In April 2015, the Supreme Court dismissed an appeal bought by The Trustees of the Olympic Airlines SA Pension and Life Assurance Scheme ("the Scheme") and held that Olympic Airlines SA ("Olympic Airlines") did not have an "establishment" in the UK when the Trustees presented a winding up petition in England on 20 July 2010.
The significance of the decision is that without a "qualifying insolvency event", the Scheme would not enter the Pension Protection Fund ("PPF") and is of significance for any defined benefit pension scheme of a UK branch office of an overseas company.
Olympic Airlines entered a "special" liquidation in Greece on 2 October 2009; however, this was not a "qualifying insolvency event" under the UK legislation. In order for there to be a "qualifying insolvency event" there needed to be UK insolvency proceedings. This would require secondary proceedings, under the EU Insolvency Regulations, to wind up the UK branch office of Olympic Airlines. On 20 July 2010, the Trustees presented a winding up petition in England on the ground that Olympic Airlines was unlikely to meet its section 75 debt due to the Scheme.

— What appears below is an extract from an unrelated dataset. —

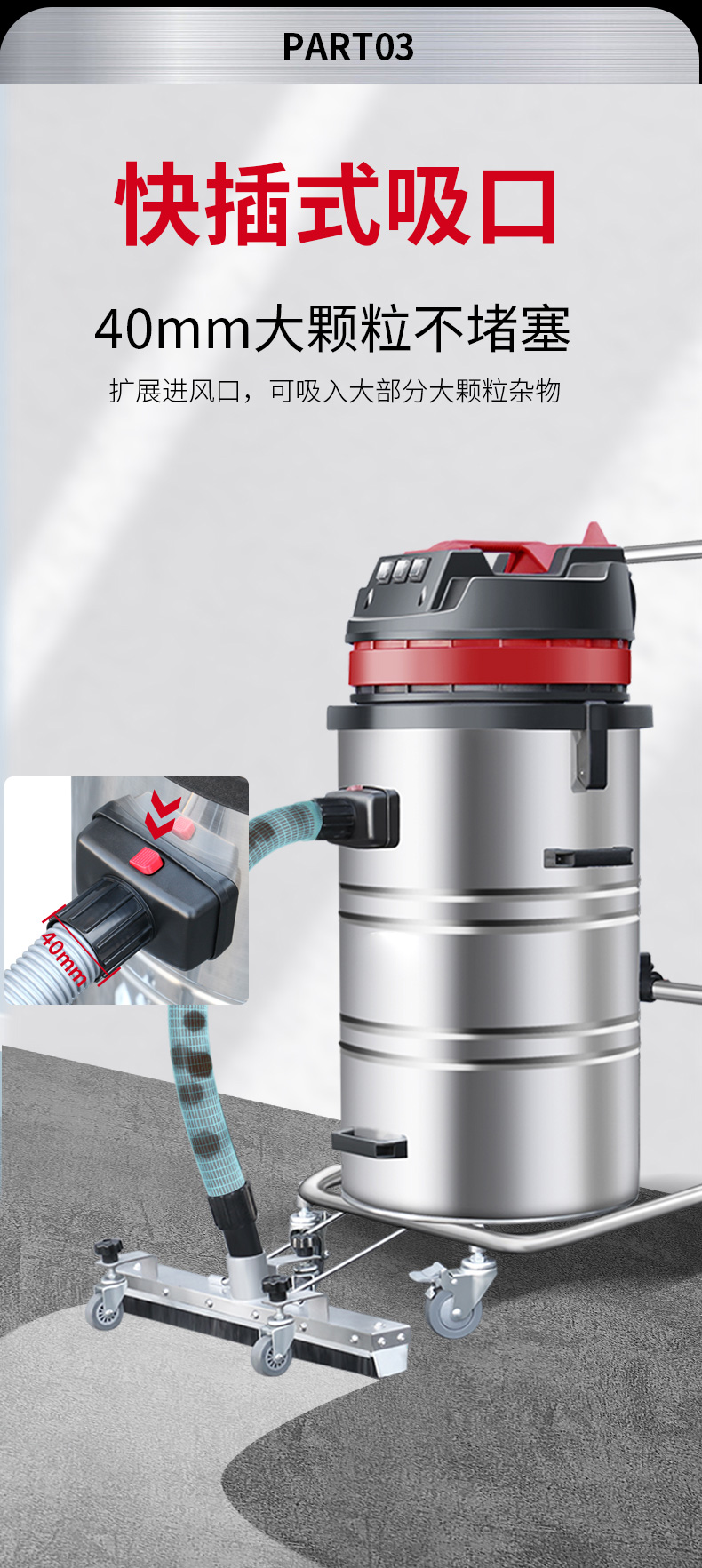 蓟州坦洁220V单桶不锈钢工业吸尘器X3系列

The Greek special administrator, however, challenged the winding up petition.
There were two possible dates on which the Scheme could enter a PPF assessment period:
20 July 2010
The date on which Trustees presented a winding up petition in England. This would be a "qualifying insolvency event" allowing the Scheme to enter a PPF assessment period. However, as these would be secondary proceedings under the EU Insolvency Regulations, whether there could be a winding up petition would depend on whether Olympic Airline's branch office represented an "establishment" in England.
2 October 2014
In 2014, following the Court of Appeal against the Trustees, an additional qualifying insolvency event was added by the Pension Fund (Entry Rules) (Amendment) Regulations 2014 (SI 2014/1664) which allowed Olympic Airlines to retrospectively fall into the PPF. Under these regulations a "qualifying insolvency event" is deemed to occur on the fifth anniversary of the commencement of the Greek proceedings, being the 2 October 2014.
The Supreme Court's Findings
Lord Sumption gave the decision of the Supreme Court. The key issue was whether the London branch office could be said to be an "establishment" under the EU Insolvency Regulations; meaning any place of operations where the debtor carries out a non-transitory economic activity with human means and goods. The judge concluded that this definition suggests the requirement for external business activity consisting in dealings with third parties.
At the time of the winding up petition, all but one of Olympic Airline's UK offices had closed and it only retained three employees to assist the Greek liquidator and complete administrative tasks. There were not business dealings with third parties and the judge, therefore, concluded that Olympic Airlines did not have an establishment in the UK on 20 July 2010 and that compensation was payable by the PPF only from 2 October 2014.
Clyde & Co Comment
This case is significant not only for the Scheme and the benefits it must pay, but also the wider implications for other schemes in a similar situation.
For the Scheme, the significance of the decision now concerns the date of entry to the PPF and whether benefits have been overpaid up until that point. At first instance and in the Court of Appeal, the decision also determined whether the Scheme would enter the PPF at all. But the change to the legislation removed the possibility that the Scheme would not qualify.
However, the changes to the legislation are a narrow fix designed to allow the Olympic Airlines Scheme only into the PPF. There still remains a risk for pension schemes – which have overseas companies participating, but no UK company - that they could find themselves without a qualifying insolvency event. The judgment does leave open the possibility that a UK branch office could still be an "establishment" if it was trading during an administration. However, trustees face a risk that any period of trading, in which to bring a winding up petition, could be quite short leaving them without any method of entry into the PPF. It is to be hoped that the Department of Work and Pensions now look find a more permanent solution to the "qualifying insolvency event" problem that this case has highlighted.